Access Is Expanding — and That Raises the Bar for Discipline


There’s a quiet but important signal coming out of Washington.


The U.S. House has passed the INVEST Act of 2025 — a broad capital-formation package aimed at modernizing how capital flows into growing companies. It’s not law yet. The Senate still needs to act. But the direction of travel is clear: policymakers recognize that more value creation is happening in private markets — and they’re exploring ways to expand access accordingly.


That matters.


Because for years now, companies have stayed private longer. The most meaningful value creation increasingly happens before IPO. If you’re only investing in public markets, you’re often arriving after much of the upside has already been captured.

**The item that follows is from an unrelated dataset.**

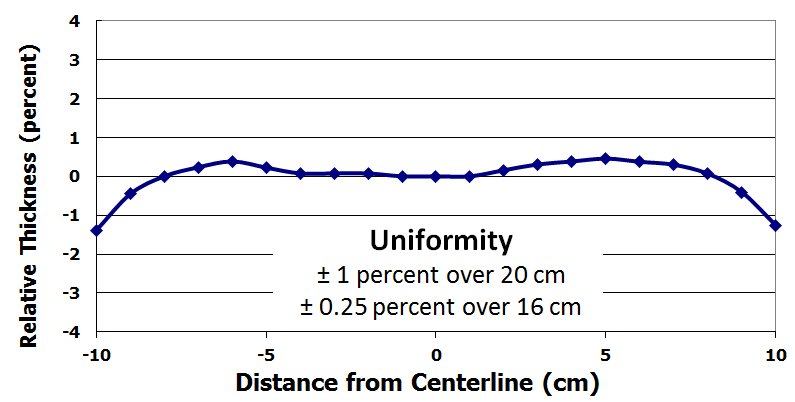 This configuration also provides exceptional uniformity. Isoflux has demonstrated coating thickness uniformity of ±0.25 percent over a 16 cm diameter area with no rotation or masking. No rotation or masking translates to simpler equipment and higher utilization and coating efficiency. The data shown below is for a Ta2O5 coating applied off-axis to a stationary substrate.
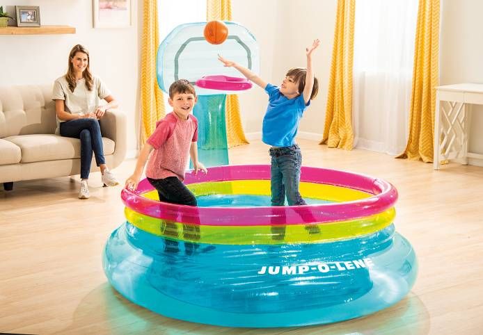 Maximální nosnost 54 kg, pro 2 děti maximálně, Rozměr: 196 x 180 x 152 cm, Obsah balení: - nafukovací basketbalový koš, balón

At PrePublic Equity Partners (PEP), we focus on that late-stage, pre-IPO window. So when legislation contemplates broader participation in private markets, we pay attention.

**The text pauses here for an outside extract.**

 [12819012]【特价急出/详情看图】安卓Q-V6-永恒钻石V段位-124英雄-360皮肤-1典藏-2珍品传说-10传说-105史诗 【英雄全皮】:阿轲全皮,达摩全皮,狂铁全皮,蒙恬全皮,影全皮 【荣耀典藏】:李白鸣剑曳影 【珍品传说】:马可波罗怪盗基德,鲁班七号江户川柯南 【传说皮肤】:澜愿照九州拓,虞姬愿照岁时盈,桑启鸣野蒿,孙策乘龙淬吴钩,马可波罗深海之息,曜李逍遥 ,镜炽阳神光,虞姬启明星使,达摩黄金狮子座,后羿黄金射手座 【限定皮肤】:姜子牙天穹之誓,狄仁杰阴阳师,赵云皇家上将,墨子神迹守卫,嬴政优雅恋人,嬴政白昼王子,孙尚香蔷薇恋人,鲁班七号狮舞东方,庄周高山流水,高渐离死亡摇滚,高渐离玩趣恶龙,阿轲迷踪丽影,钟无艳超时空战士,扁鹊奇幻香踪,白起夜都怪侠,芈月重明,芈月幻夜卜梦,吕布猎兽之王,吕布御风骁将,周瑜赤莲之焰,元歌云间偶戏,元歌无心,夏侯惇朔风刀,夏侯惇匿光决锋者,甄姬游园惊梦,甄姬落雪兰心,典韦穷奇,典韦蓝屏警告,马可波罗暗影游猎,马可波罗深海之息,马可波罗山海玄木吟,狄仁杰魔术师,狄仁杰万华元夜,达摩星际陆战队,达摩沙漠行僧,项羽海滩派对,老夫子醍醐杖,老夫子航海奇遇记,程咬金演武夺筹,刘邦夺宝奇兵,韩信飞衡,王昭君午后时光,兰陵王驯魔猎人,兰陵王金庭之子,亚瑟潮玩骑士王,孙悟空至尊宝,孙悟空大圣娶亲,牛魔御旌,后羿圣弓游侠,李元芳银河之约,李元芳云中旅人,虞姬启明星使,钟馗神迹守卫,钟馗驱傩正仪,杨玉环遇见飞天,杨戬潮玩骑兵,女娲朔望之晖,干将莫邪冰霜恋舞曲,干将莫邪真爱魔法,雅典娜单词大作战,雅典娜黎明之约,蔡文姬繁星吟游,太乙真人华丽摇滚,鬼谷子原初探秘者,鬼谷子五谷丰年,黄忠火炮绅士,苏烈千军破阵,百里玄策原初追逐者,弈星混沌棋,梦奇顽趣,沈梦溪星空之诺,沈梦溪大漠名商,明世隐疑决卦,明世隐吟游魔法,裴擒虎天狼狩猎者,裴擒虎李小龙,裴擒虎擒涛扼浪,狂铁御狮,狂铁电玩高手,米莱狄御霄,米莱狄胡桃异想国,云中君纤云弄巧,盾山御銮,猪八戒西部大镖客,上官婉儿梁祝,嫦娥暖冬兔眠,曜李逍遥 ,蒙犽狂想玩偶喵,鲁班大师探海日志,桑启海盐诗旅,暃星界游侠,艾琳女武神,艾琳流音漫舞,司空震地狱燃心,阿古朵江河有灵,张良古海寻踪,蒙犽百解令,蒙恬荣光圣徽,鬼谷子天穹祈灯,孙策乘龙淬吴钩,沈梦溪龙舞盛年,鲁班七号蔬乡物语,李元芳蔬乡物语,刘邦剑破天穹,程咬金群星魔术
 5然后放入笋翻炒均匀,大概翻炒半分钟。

Let’s break down what’s happening — and what it could mean.



What the INVEST Act Is Trying to Change


The bill addresses three areas that are especially relevant.


1. Larger “Qualifying Venture Capital Fund” Thresholds


One provision would expand the qualifying VC fund exemption — increasing allowable beneficial owners from 250 to 500 and raising capital limits from $10 million to $50 million.


Why this matters: If enacted, this could make it easier for more managers — particularly emerging managers — to raise larger venture funds without additional regulatory burden.


More funds means more capital flowing into private companies. That’s generally constructive for innovation. But it also increases competition for allocations and raises the importance of underwriting discipline.


Access without selectivity is just noise.


2. Greater Flexibility for Secondaries


The package also contemplates more flexibility around secondary transactions and related fund structures.


Secondaries have become the pressure-release valve of a market where IPO timelines are longer and liquidity is delayed.


We’re already seeing this shift. Liquidity today often comes through structured secondary transactions — not traditional public offerings.


Why this matters: Secondaries aren’t just a workaround. They’re becoming a core mechanism for how capital recycles and how investors gain exposure to maturing private companies.


That aligns directly with PEP’s focus: disciplined access to late-stage, venture-backed businesses in the pre-IPO window.


3. Expanding Accredited Investor Pathways


The INVEST Act also pushes toward broader “knowledge or competency” routes to accredited investor status — potentially including an SEC-directed exam framework.


Why this matters: If thoughtfully implemented, this could expand the eligible investor base for private offerings.


That’s a meaningful cultural shift.


But expanded access increases responsibility — for both investors and managers. Illiquidity, valuation dispersion, governance nuances — these are not trivial considerations. Private markets require clarity, not just enthusiasm.


Why This Is Happening Now


The public-company universe has shrunk over time. Regulatory burdens have risen. Meanwhile, private companies are staying private longer — and compounding value in that extended window.


Lawmakers are reacting to structural reality. More companies are staying private longer—so lawmakers are looking for ways to modernize capital formation in both public and private channels.


The venture ecosystem has already adapted. Longer hold periods. Fewer IPO exits. More structured liquidity. Greater reliance on secondaries.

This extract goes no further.